The survey demonstrates that, in very important ways, patients see different parts of the NHS working well together. 96% of patients said their cancer doctor had the right documents and 92% said their GP was given enough information about their condition and treatment by the hospital. However, only 65% said the different people treating and caring for them always worked well together. As the number of people living longer with and beyond cancer increases, and as care becomes more complex and personalised, it is more important than ever that care is coordinated across different hospital sites and across primary, community and secondary care as well as in social care settings.

One of the important pieces of information stemming from this survey is the level of variation between Local Health Boards and Trust, between hospital sites within Local Health Boards and Trust and the variation in experience between people with different types of cancer.

Responses are consistently more positive for those seen in Velindre Hospital in Cardiff and we must congratulate the Trust for its patient-centred delivery.
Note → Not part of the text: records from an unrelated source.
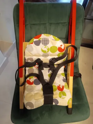 Trona plegable muy bien conservada, fabricada en madera de abedul y acero. Arnes de 3 puntos, soporta hasta 40 kilos y se adapta a sillas con respaldo de altura de 30 a 45 cm y un ancho superior a 34 cm. Muy práctica gracias a su estructura minimalista y la facilidad con la que se limpia. Está recomendada para bebés y niños, desde los 6 meses hasta los 5 años. Funda de transporte y asiento acolchado incluido.
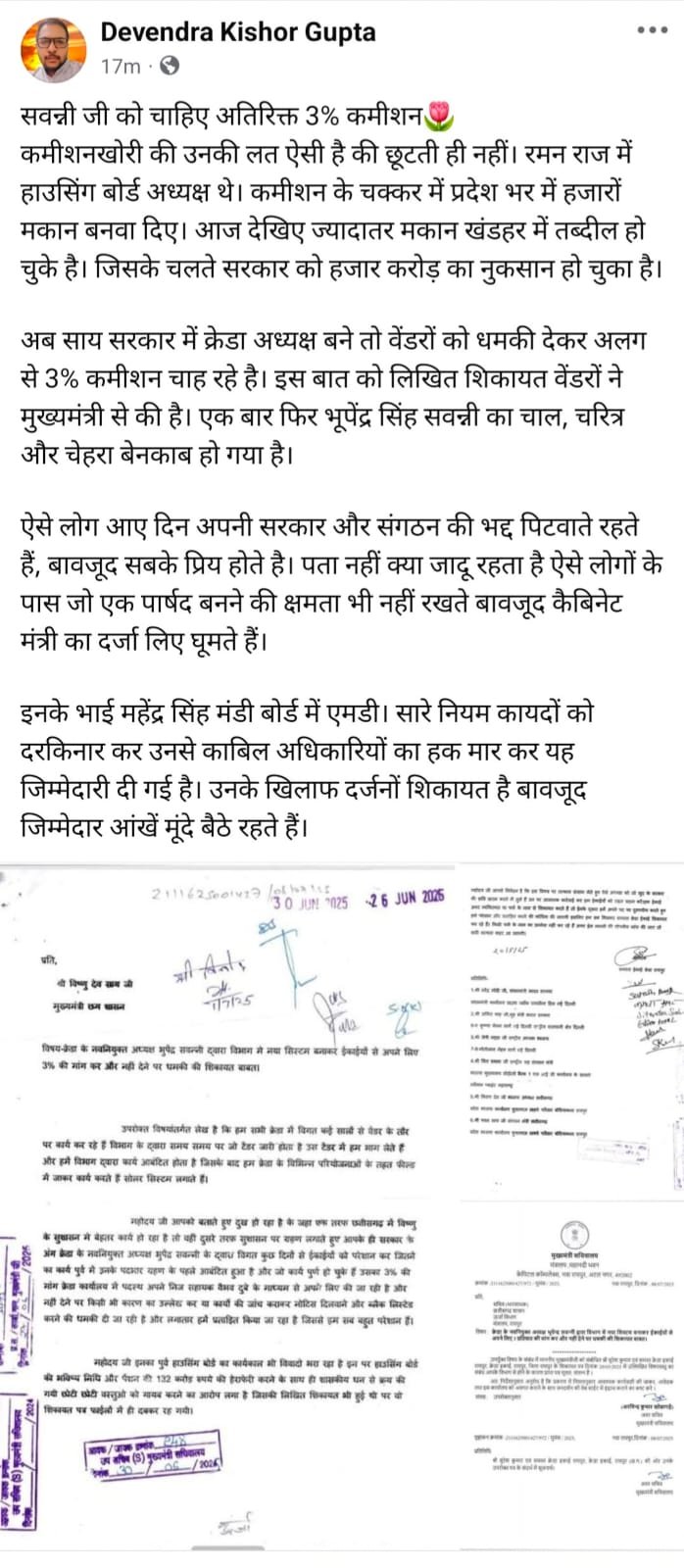 CG NEWS : उधर, भूपेंद्र सवन्नी ने सभी आरोपों को निराधार बताया है। उन्होंने कहा कि उन्हें इस तरह के किसी भी लेनदेन की जानकारी नहीं है और वह जल्द ही कार्यालय पहुंचकर पूरे मामले की जानकारी लेंगे। फिलहाल भाजपा की ओर से इस पर कोई आधिकारिक प्रतिक्रिया नहीं आई है, लेकिन सोशल मीडिया और राजनीतिक गलियारों में यह मामला तेजी से चर्चा में है।
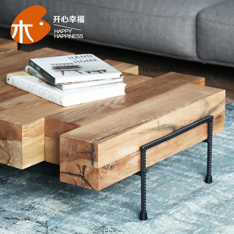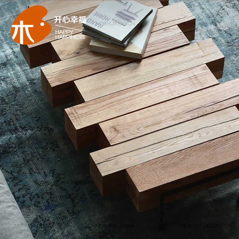 American creative personality wood block split tea table loft industrial wind solid wood tea table iron leisure sofa reception table

Whilst we acknowledge that Velindre is a unique and specialist cancer centre, there is a clear challenge for the best practice and learning from this hospital to be shared and made the norm right across Wales.
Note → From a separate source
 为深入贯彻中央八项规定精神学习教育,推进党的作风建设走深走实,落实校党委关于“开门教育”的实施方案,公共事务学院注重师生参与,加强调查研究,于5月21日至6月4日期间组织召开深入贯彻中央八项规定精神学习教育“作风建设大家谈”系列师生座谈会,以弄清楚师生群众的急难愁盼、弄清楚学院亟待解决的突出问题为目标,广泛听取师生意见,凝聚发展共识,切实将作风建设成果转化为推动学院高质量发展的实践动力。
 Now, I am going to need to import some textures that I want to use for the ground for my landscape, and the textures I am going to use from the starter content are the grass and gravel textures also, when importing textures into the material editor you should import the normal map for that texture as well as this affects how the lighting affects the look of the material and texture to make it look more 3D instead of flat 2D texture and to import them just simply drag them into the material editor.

The variation between tumour groups, or types of cancer, is also evident in the survey results. Breast cancer patients reported having a better experience than other cancer patients, whilst sarcoma, lung and urological cancers all reported a less positive experience. We must work with health boards to use this data to better understand why the patient experience is different and explore how the experience through the cancer pathway can be consistently good for all forms of the disease.

These results tell us that the focus on person-centred care, as set out in the Cancer Delivery Plan, is the right focus. Person-centred care and meeting the holistic needs of patients clearly impacts in a positive way on people’s overall experience of care.
The system on the whole is connected and does work together but we need to drive down variation between Local Health Boards and Trust across Wales as well as the variation between the experience of people with different types of cancer.

But why is having a good experience of cancer care so important? A good patient experience leads to patients feeling supported, respected and meaningfully involved in decisions about their care whether that’s at diagnosis, during treatment or after treatment has finished. It’s also important as it recognises that cancer affects the whole of people’s lives including the effect it has on family and friends. A study has also shown that a positive experience can reduce a patient’s length of stay in hospital and staff turnover, which can save the NHS money.

Whilst the overall experience of cancer patients in Wales is a positive one, the results of this survey identify clear challenges and areas for improvement. It is now the task of Local Health Boards and Trust with the leadership of the Welsh Government and the Cancer Implementation Group, and the support of organisations such as Macmillan, to deliver tangible improvement for patients which can be measured in the results of the next survey.